INSTRUCTIONS FOR THE TASK:
Write again exactly the lines in the listing below, starting at the line with "クラシックベアシリーズでおな" and ending at the line with "ROYALE LINENS 300", both included. Pictures are not copied.

DATASET CONTENT:
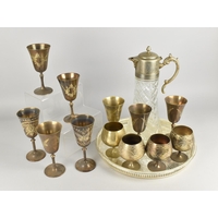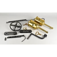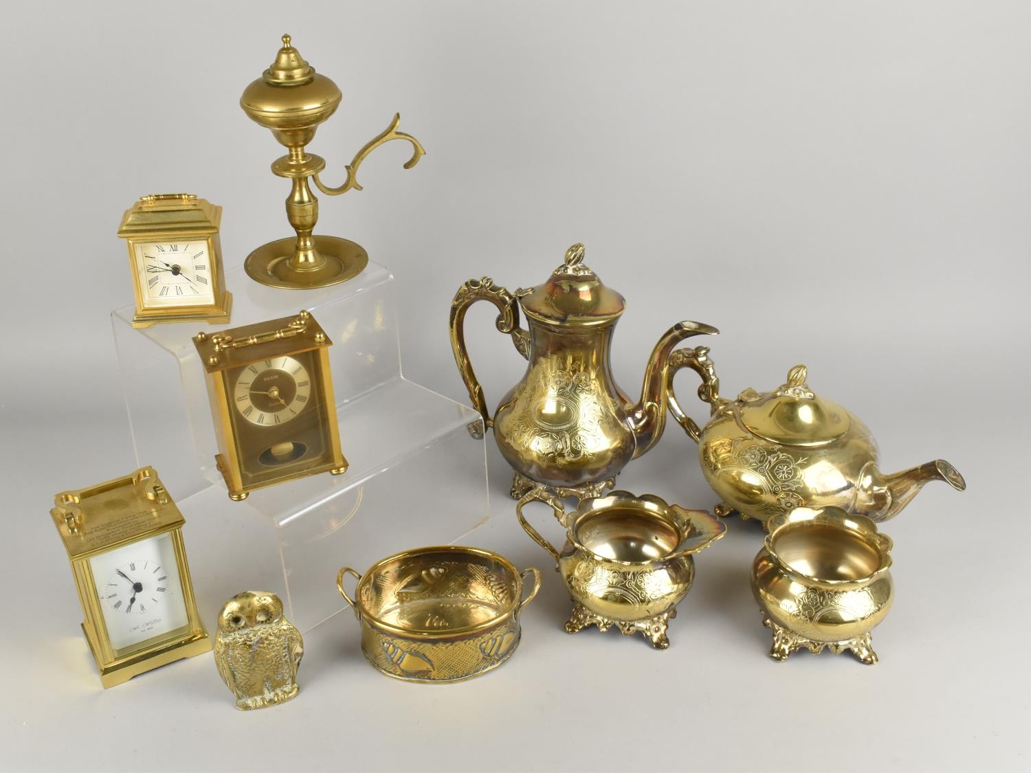 A Collection of Various Metalwares to Comprise Brass Mantle Clocks, Oil Lamp Burner, Four Piece Tea Service etc
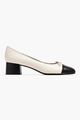 Characterised by the contrasting cap-toe detail in black leather, they're embellished with a bow and subtle Double T in a shiny gold tone. They're finished with a cushioned leather footbed, nappa leather lining and mid block heels for all-day comfort.
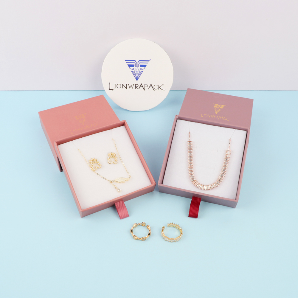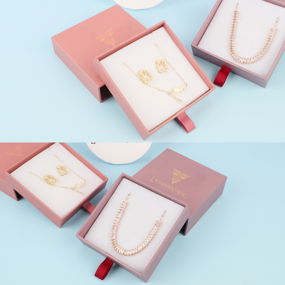 Free Design Customized Paper Cardboard Drawer Jewelry Storage Packaging Box Drawer Sliding Satin Nec
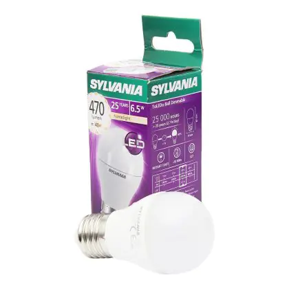 Cette ampoule Sylvania ToLEDo E27 Boule Dépolie 6.5W 470lm - 827 | Remplacement 60W avec son efficacité lumineuse de lumen par watt vous permettra de profiter d’un éclairage de qualité. Avec sa durée de vie de 25000 heures, vous n’aurez pas à vous soucier de son remplacement avant quelques années.
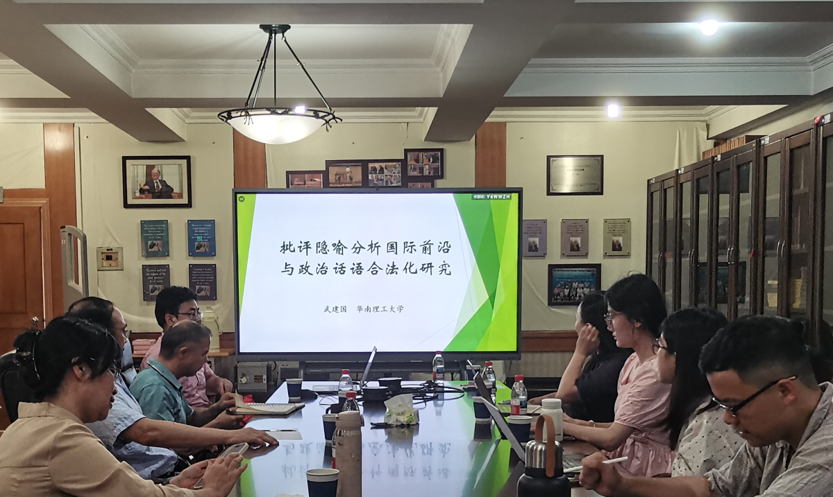 2025年9月30日下午,“韩礼德文献中心学术沙龙”第三十期讲座在足球投注平台 韩礼德文献中心(足球投注平台 222室)成功举办。本次沙龙邀请华南理工大学武建国教授主讲,讲座主题为“批评隐喻分析国际前沿与政治话语合法化研究”。中山大学王勇教授、何清顺教授、郭曼副教授、周文萱副教授,华南理工大学邓仁华教授等多位师生参加了此次沙龙。本次沙龙由中山大学功能语言学研究所主办,报告由何清顺教授主持。
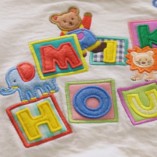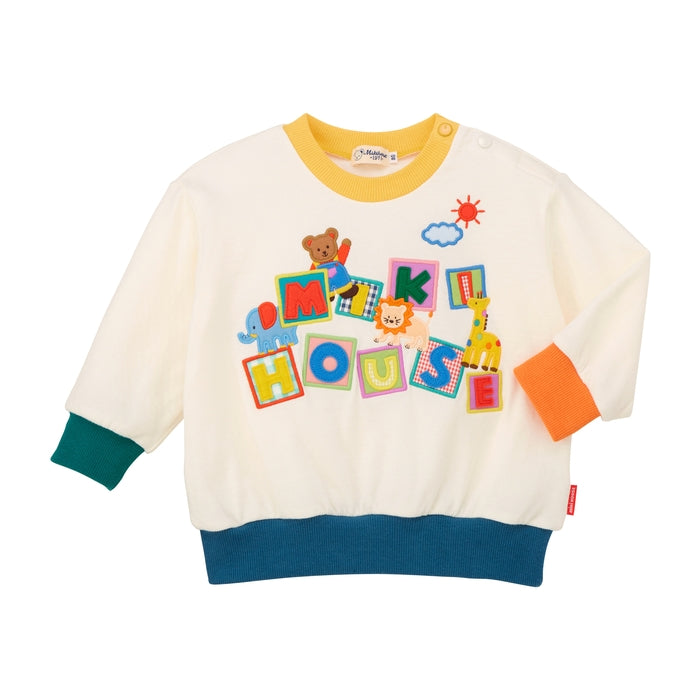 クラシックベアシリーズでおなじみのレトロなミキハウスロゴが中央にデザインされたトレーナーです。
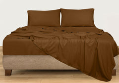 ROYALE LINENS 300 Thread Count 100% Long Staple Combed Cotton Sheet Set - 4 Piece Bed Sheet 1 Fitted Sheet, 1 Flat Sheet, 2 Pillowcases - Breathable, Cool & Crisp Percale Sheet Set (Chocolate)
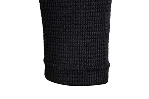 Men's Causal Pullover Hoodie Lightweight Solid Color Hooded Sweatshirt Tops Long Sleeve Waffle-Knit Henley Shirt 6
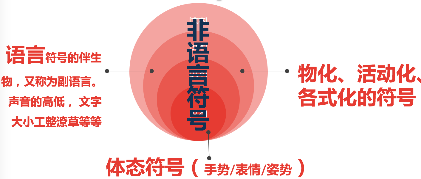 非语言符号主要包括:副语言、体态符号、物化 活动化 各式化的符号
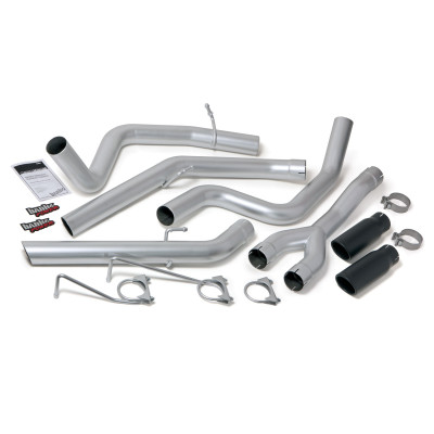 5 inch aluminized steel constant-diameter DPF-back exhaust system with patented negative-backpressure SideKick tip. Improves throttle response and fuel economy by lowering backpressure up to 9 percent at the turbine inlet. Allows the engine to breathe more efficiently. Includes huge black Cerakote obround SideKick tip. The new 5 inch Monster Exhaust designed specifically for the 2019-2024 Ram 2500/3500 6.7L. The DPF-back exhaust system features constant-diameter 5 inch mandrel-bent aluminized steel tubing and a massive patented tip which virtually eliminates backpressure after the DPF. Cummins owners can choose from two huge patented 6.5 inch x 7.5 inch ob-round slash-cut exhaust tips chrome-plated polished stainless steel or high-temp Cerakote matte black with a rolled edge.
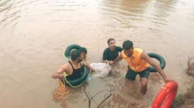 तेज बहाव में फंसे युवक ने पेड़ पर चढ़कर बचाई जान, SDERF ने रेस्क्यू कर निकाला
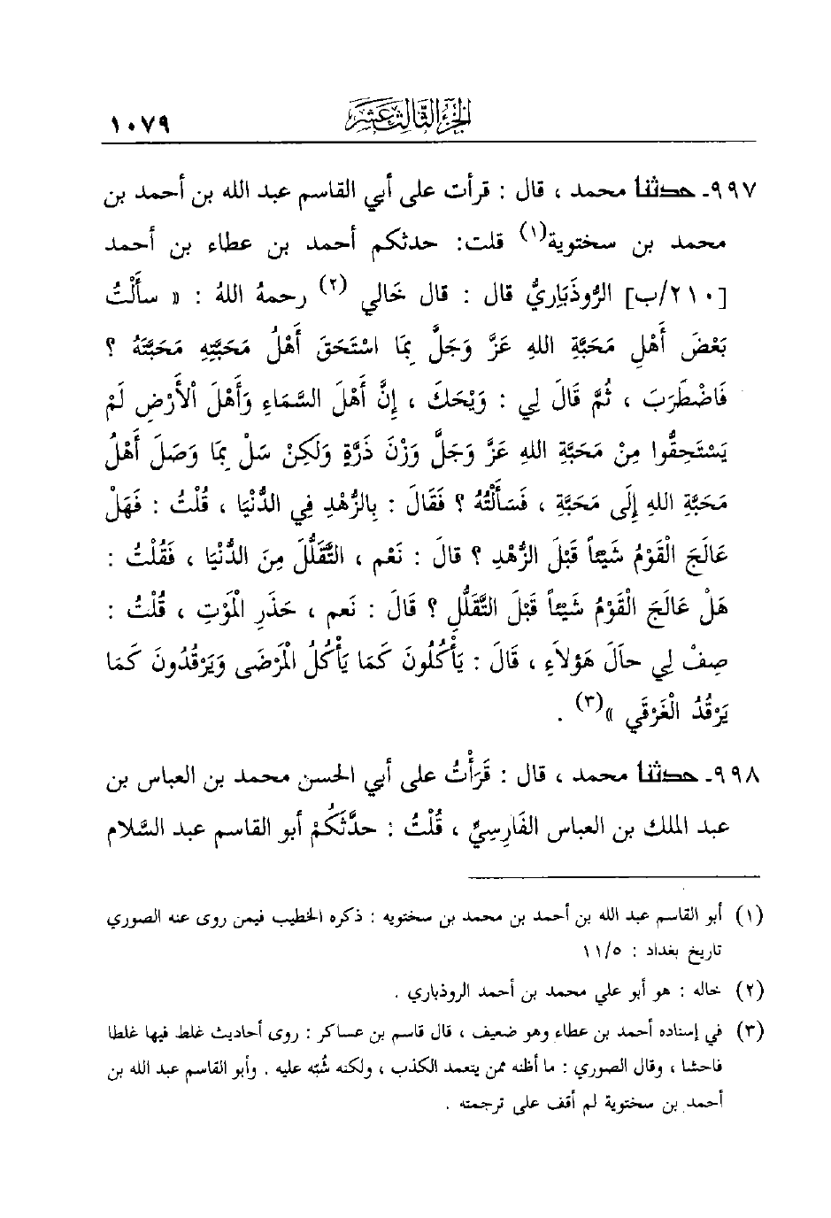 997 - حَدَّثَنَا مُحَمَّدٌ، قَالَ: قَرَأْتُ عَلَى أبي القاسم عبد الله بن أحمد بن محمد ابن سختوية (¬1) قلت: حدثكم أحمد بن عطاء ابن أحمد [210/ب] الرُّوذَبَاِريُّ قال: قال خَالي (¬2) رحمهُ اللهُ: ((سأَلْتُ بَعْضَ أَهْلِ مَحَبَّةِ اللهِ عَزَّ وَجَلَّ بِمَا اسْتَحَقَ أَهْلُ مَحَبَّتِهِ مَحَبَّتَهُ؟ فَاضْطَرَبَ، ثُمَّ قَالَ لِي: وَيْحَكَ، إِنَّ أَهْلَ السَّمَاءِ وَأَهْلَ اْلأَرْضِ لَمْ يَسْتَحِقُّوا مِنْ مَحَبَّةِ اللهِ عَزَّ وَجَلَّ وَزْنَ ذَرَّةٍ وَلَكِنْ سَلْ بِمَا وَصَلَ أَهْلُ مَحَبَّةِ اللهِ إِلَى مَحَبَّةِ، فَسَأَلْتُهُ؟ فَقَالَ: بِالزُّهْدِ فِي الدُّنْيَا، قُلْتُ: فَهَلْ عَالَجَ الْقَوْمُ شَيْئاً قَبْلَ الزُّهْدِ؟ قالَ: نَعْم، التَّقَلُّلَ مِنَ الدُّنْيَا، فَقُلْتُ: هَلْ عَالَجَ الْقَوْمُ شَيْئاً قَبْلَ التَّقَلُّلِ؟ قَالَ: نَعم، حَذَرِ الْمَوْتِ، قُلْتُ: صِفْ لِي حاَلَ هَؤلاَءِ، قَالَ: يَأْكُلُونَ كَمَا يَأْكُلُ الْمَرْضَى وَيَرْقُدُونَ كَمَا يَرْقُدُ الْغَرْقَي)) (¬3) .

ANSWER BELOW:
 クラシックベアシリーズでおなじみのレトロなミキハウスロゴが中央にデザインされたトレーナーです。
 ROYALE LINENS 300 Thread Count 100% Long Staple Combed Cotton Sheet Set - 4 Piece Bed Sheet 1 Fitted Sheet, 1 Flat Sheet, 2 Pillowcases - Breathable, Cool & Crisp Percale Sheet Set (Chocolate)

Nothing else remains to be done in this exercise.